● ABOUT THIS EXERCISE
All of the data below should be repeated exactly. Pictures should not be included.

● RECORDED DATA
=== Section Start ===

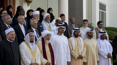 Sheikh Mohammed bin Zayed, Crown Prince of Abu Dhabi and Deputy Supreme Commander of the Armed Forces, hosted members of the Board of Trustees of the Forum for Promoting Peace in Muslim Societies, on Monday at Al Bahr Palace.
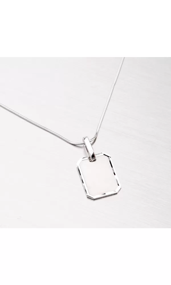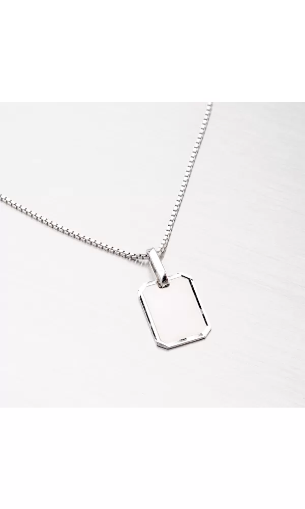 Strieborný prívesok v tvare doštičky. Doštička má väčšiu časť matovanú, presnejšie pieskovanú. Kraje doštičky sú zdobené lesklými facetami, ktoré sú zhotovené diamantovým nástrojom, ktorý zaisťuje maximálny lesk.
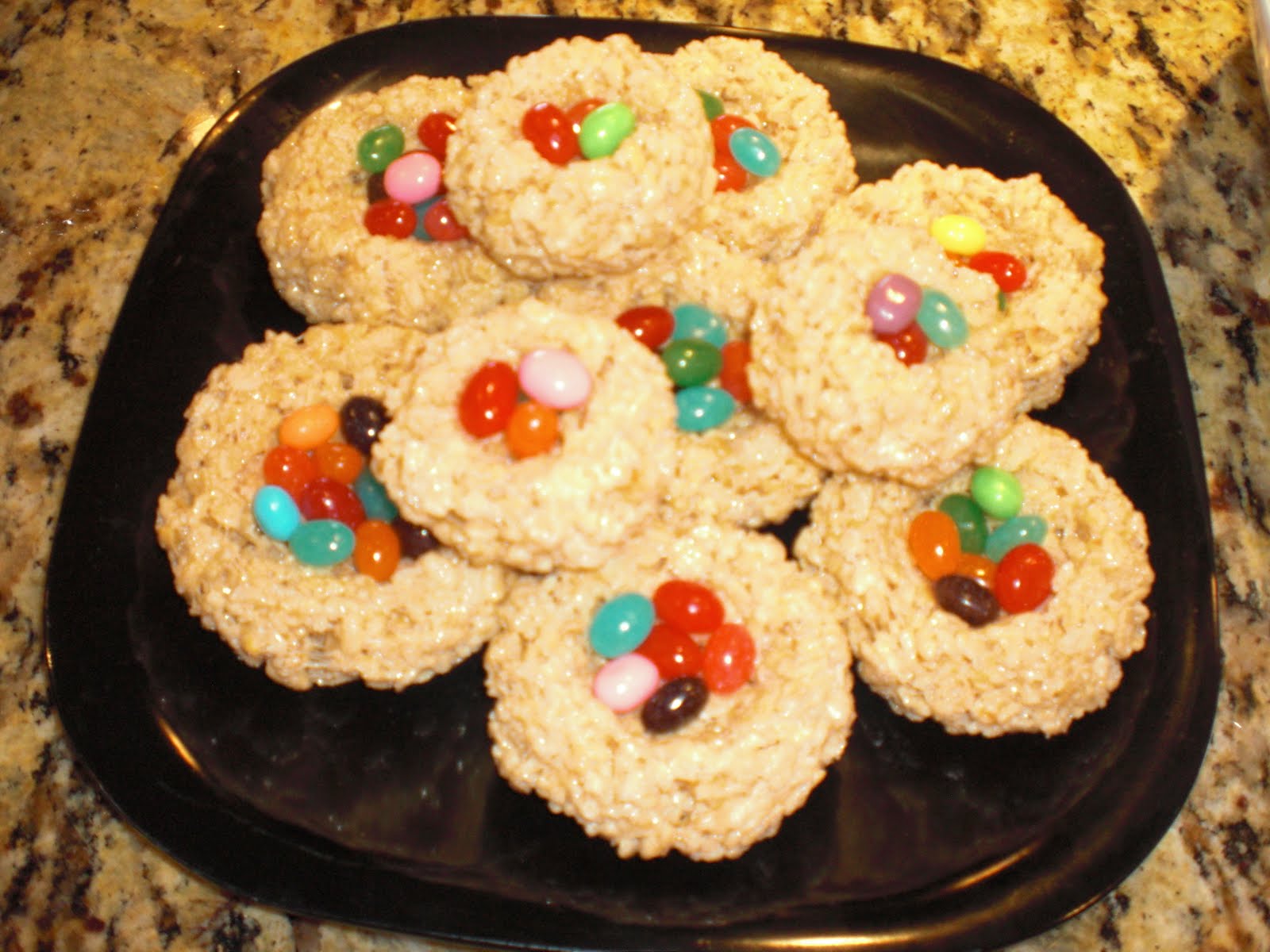 | Devin’s rice crispy bird nests with Starburst and Jolly Rancher jelly beans….Guy Food… |
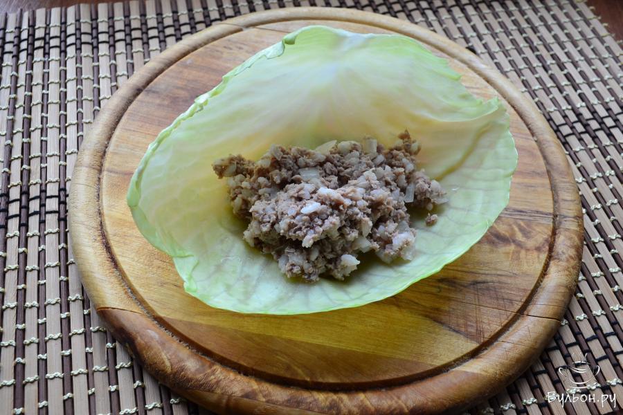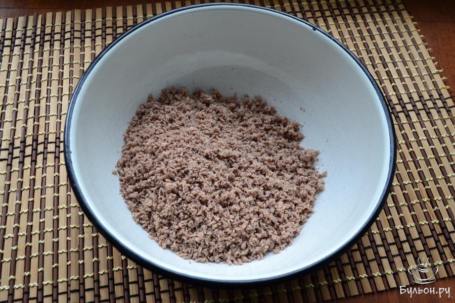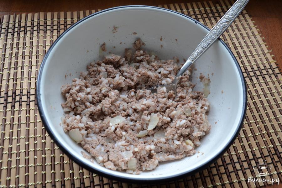 5. Рис отварить до полной готовности, залив его водой 1:6, откинуть и остудить. Добавить рис к перекрученной говядине вместе с припущенным луком.

=== Section End ===

● RESPONSE BELOW
 Sheikh Mohammed bin Zayed, Crown Prince of Abu Dhabi and Deputy Supreme Commander of the Armed Forces, hosted members of the Board of Trustees of the Forum for Promoting Peace in Muslim Societies, on Monday at Al Bahr Palace.
 Strieborný prívesok v tvare doštičky. Doštička má väčšiu časť matovanú, presnejšie pieskovanú. Kraje doštičky sú zdobené lesklými facetami, ktoré sú zhotovené diamantovým nástrojom, ktorý zaisťuje maximálny lesk.
 | Devin’s rice crispy bird nests with Starburst and Jolly Rancher jelly beans….Guy Food… |
 5. Рис отварить до полной готовности, залив его водой 1:6, откинуть и остудить. Добавить рис к перекрученной говядине вместе с припущенным луком.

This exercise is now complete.